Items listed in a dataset
────────
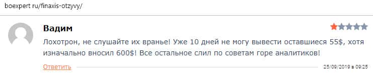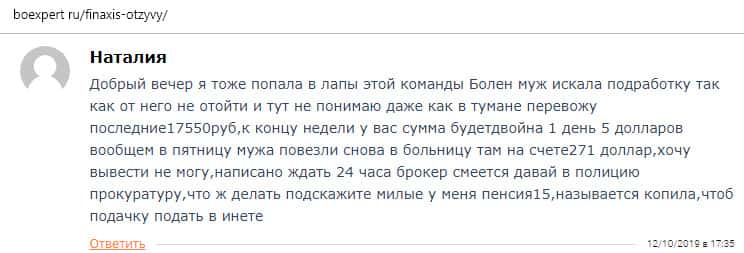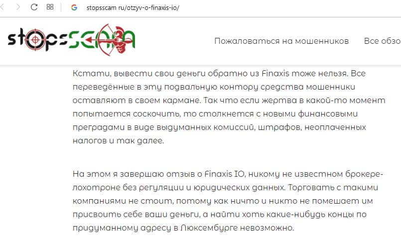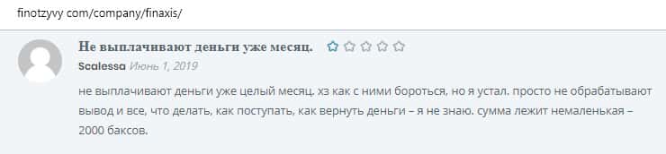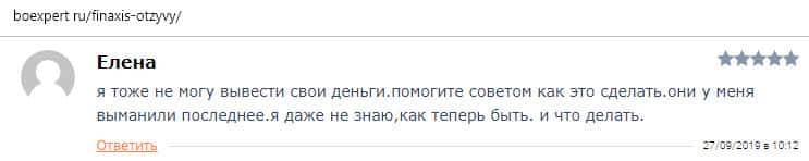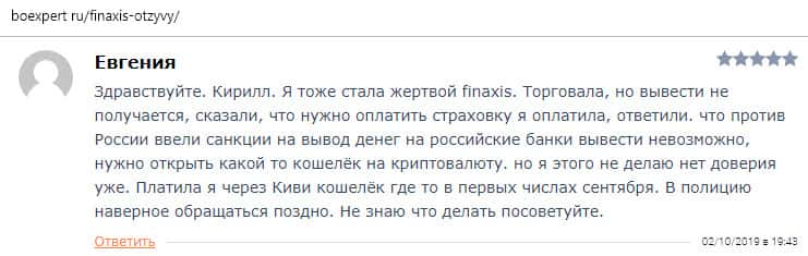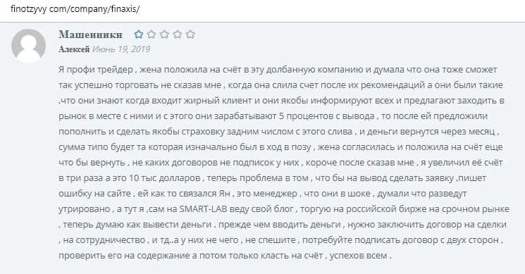 По словам автора следующей статьи, из конторы FinAxis нет вариантов вывести вложенные средства и все переведенные деньги, аферисты оставляют у себя. Так что, если вдруг решили сойти от них, то нужно аккуратно пытаться вернуть свои вложения, иначе они просто заблокируют счет и поставят ваши контакты в игнор.
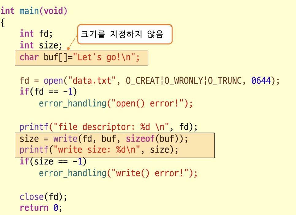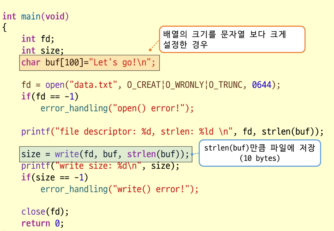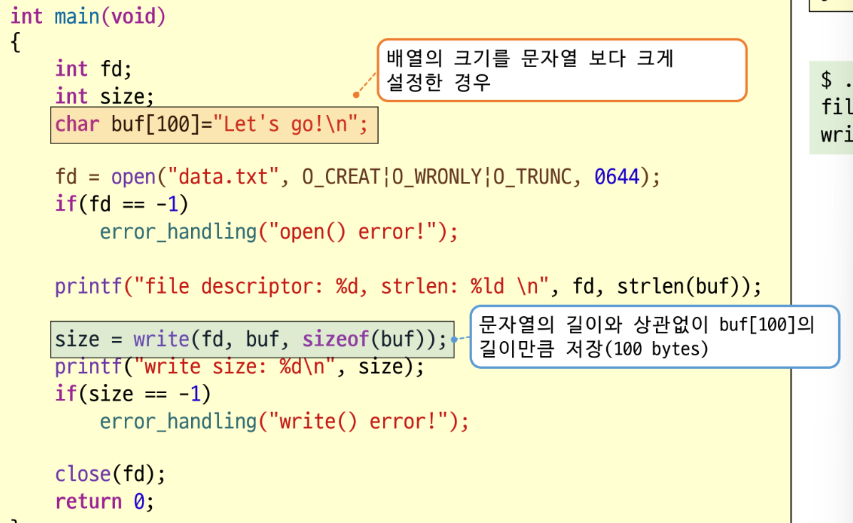 sizeof(buf)가 아니라 strlen(buf)로 파일에 저장할 때 : 문자열 크기로 저장할 때
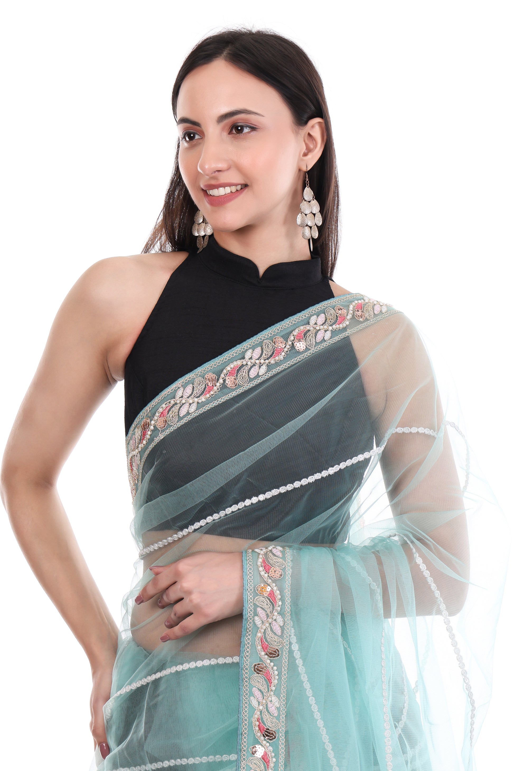 Mint Green saree set, a perfect blend of delicate fabric and heavy, luxurious craftsmanship. The saree is crafted from Premium Net, boasting intricate all-over Embroidery, Dori, and Sequin Work. The true highlight is the spectacular border, meticulously finished with a Heavy Hand Diamond Work Lace Border. The accompanying blouse piece is made from rich Premium Kasturi Silk, designed to complement the saree’s opulence. It is heavily embellished with matching Embroidery, Dori, and Sequins, along with Heavy Hand Pearl Work on both the front and back, and detailed work on the sleeves. The Unstitched blouse allows for a perfect, personalized fit. This set is ideal for Weddings, Receptions, or Festive Occasions, offering a celebrity-like look at an incredible value. Don't miss out on this designer-look piece!
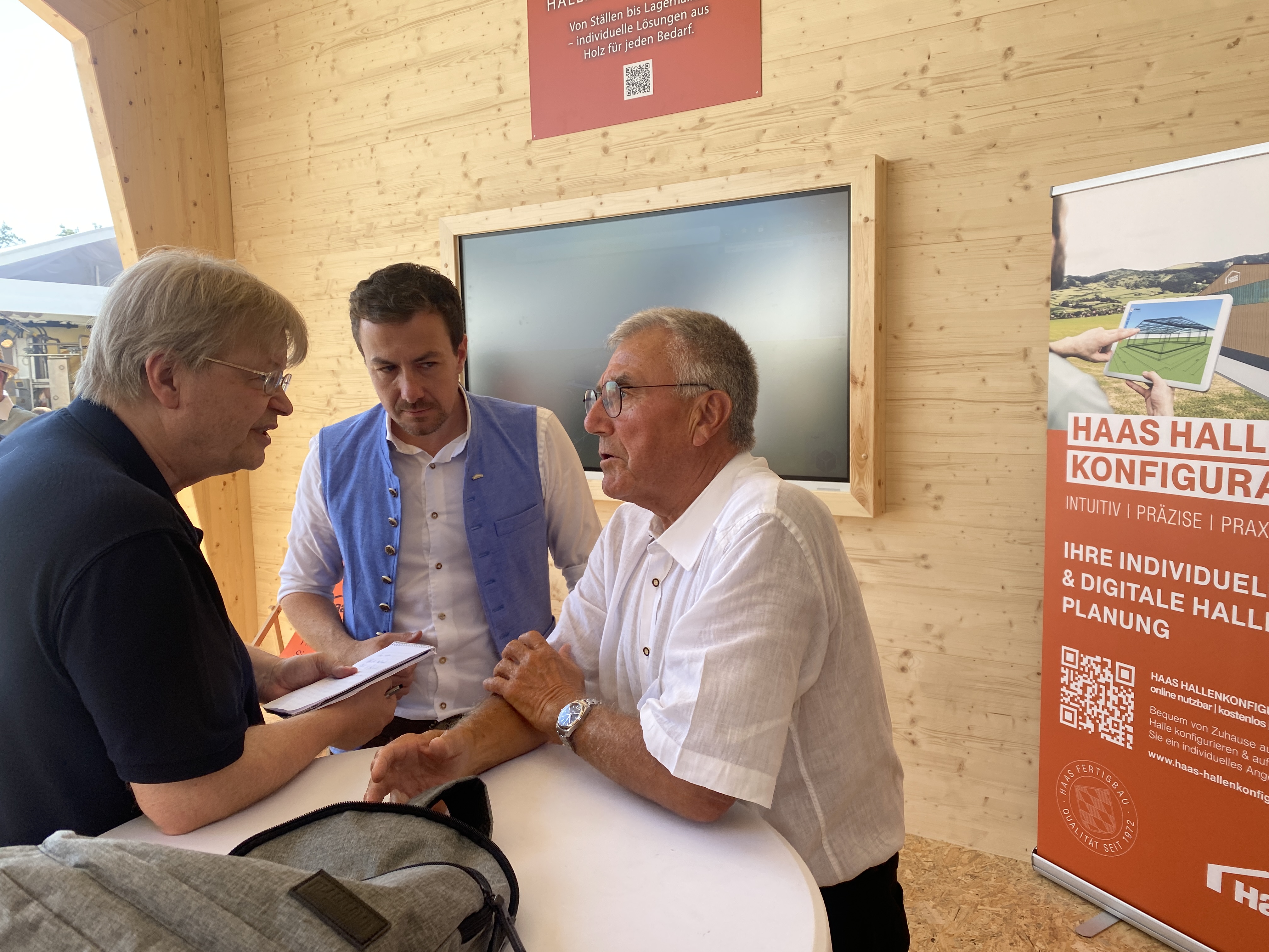Ein weiterer Schwerpunkt des Messeauftritts war die Präsentation der Komplettlösungen für Ober- und Unterbau, die Haas Fertigbau GmbH für landwirtschaftliche, gewerbliche und private Bauprojekte bietet. Von der Planung über die Errichtung des Fundaments bis hin zur Dachkonstruktion: Das Unternehmen bietet alles aus einer Hand. „Wir übernehmen den gesamten Bauprozess – von der Fundamentlegung bis zum Dach – und sorgen dafür, dass unsere Kunden von Anfang an eine stressfreie, effiziente Lösung erhalten“, betonte Benedikt Bachmeier, Abteilungsleitung Landwirtschaft bei Haas. „Dieses umfassende Paket spart nicht nur Zeit und Geld für unsere Kundinnen und Kunden, sondern gewährleistet auch eine durchgängige Qualität vom Unter- bis zum Oberbau.“
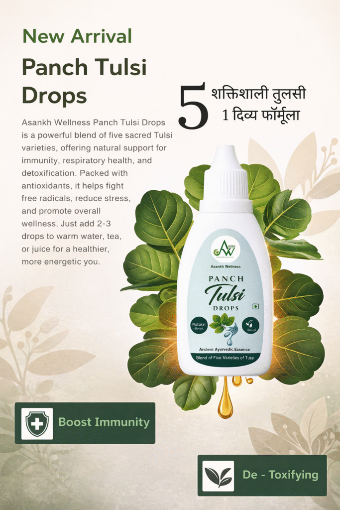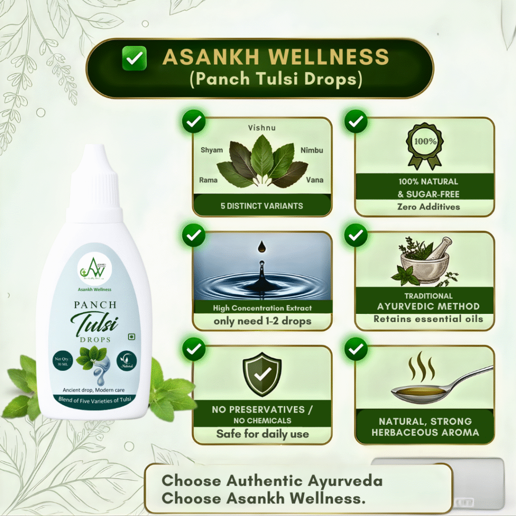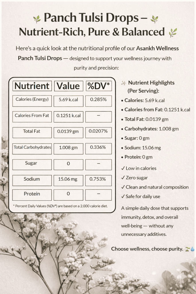 Here’s a quick look at the nutritional profile of our Asankh Wellness Panch Tulsi Drops — designed to support your wellness journey with purity and precision:
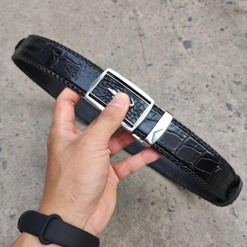 ✨Thắt lưng da cá sấu Đan Viền Thủ Công Rất Bền! (mặt bạc)
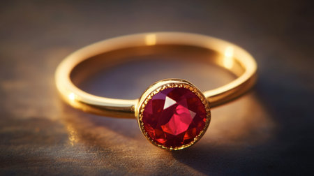 A beautifully faceted ruby gemstone resting in an elegant gold ring, shimmering under soft lighting.
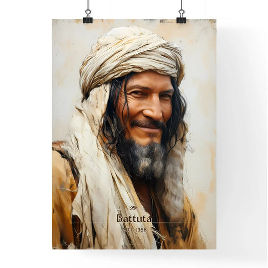 Ibn, Battuta, 1304 - 1368, A Poster of a man with a beard and turban
────────
WHAT YOU WILL DO:
Once the pictures are set aside, repeat the remaining data word for word.

WRITTEN REPLY:
 По словам автора следующей статьи, из конторы FinAxis нет вариантов вывести вложенные средства и все переведенные деньги, аферисты оставляют у себя. Так что, если вдруг решили сойти от них, то нужно аккуратно пытаться вернуть свои вложения, иначе они просто заблокируют счет и поставят ваши контакты в игнор.
 sizeof(buf)가 아니라 strlen(buf)로 파일에 저장할 때 : 문자열 크기로 저장할 때
 Mint Green saree set, a perfect blend of delicate fabric and heavy, luxurious craftsmanship. The saree is crafted from Premium Net, boasting intricate all-over Embroidery, Dori, and Sequin Work. The true highlight is the spectacular border, meticulously finished with a Heavy Hand Diamond Work Lace Border. The accompanying blouse piece is made from rich Premium Kasturi Silk, designed to complement the saree’s opulence. It is heavily embellished with matching Embroidery, Dori, and Sequins, along with Heavy Hand Pearl Work on both the front and back, and detailed work on the sleeves. The Unstitched blouse allows for a perfect, personalized fit. This set is ideal for Weddings, Receptions, or Festive Occasions, offering a celebrity-like look at an incredible value. Don't miss out on this designer-look piece!
Ein weiterer Schwerpunkt des Messeauftritts war die Präsentation der Komplettlösungen für Ober- und Unterbau, die Haas Fertigbau GmbH für landwirtschaftliche, gewerbliche und private Bauprojekte bietet. Von der Planung über die Errichtung des Fundaments bis hin zur Dachkonstruktion: Das Unternehmen bietet alles aus einer Hand. „Wir übernehmen den gesamten Bauprozess – von der Fundamentlegung bis zum Dach – und sorgen dafür, dass unsere Kunden von Anfang an eine stressfreie, effiziente Lösung erhalten“, betonte Benedikt Bachmeier, Abteilungsleitung Landwirtschaft bei Haas. „Dieses umfassende Paket spart nicht nur Zeit und Geld für unsere Kundinnen und Kunden, sondern gewährleistet auch eine durchgängige Qualität vom Unter- bis zum Oberbau.“
 Here’s a quick look at the nutritional profile of our Asankh Wellness Panch Tulsi Drops — designed to support your wellness journey with purity and precision:
 ✨Thắt lưng da cá sấu Đan Viền Thủ Công Rất Bền! (mặt bạc)
 A beautifully faceted ruby gemstone resting in an elegant gold ring, shimmering under soft lighting.
 Ibn, Battuta, 1304 - 1368, A Poster of a man with a beard and turban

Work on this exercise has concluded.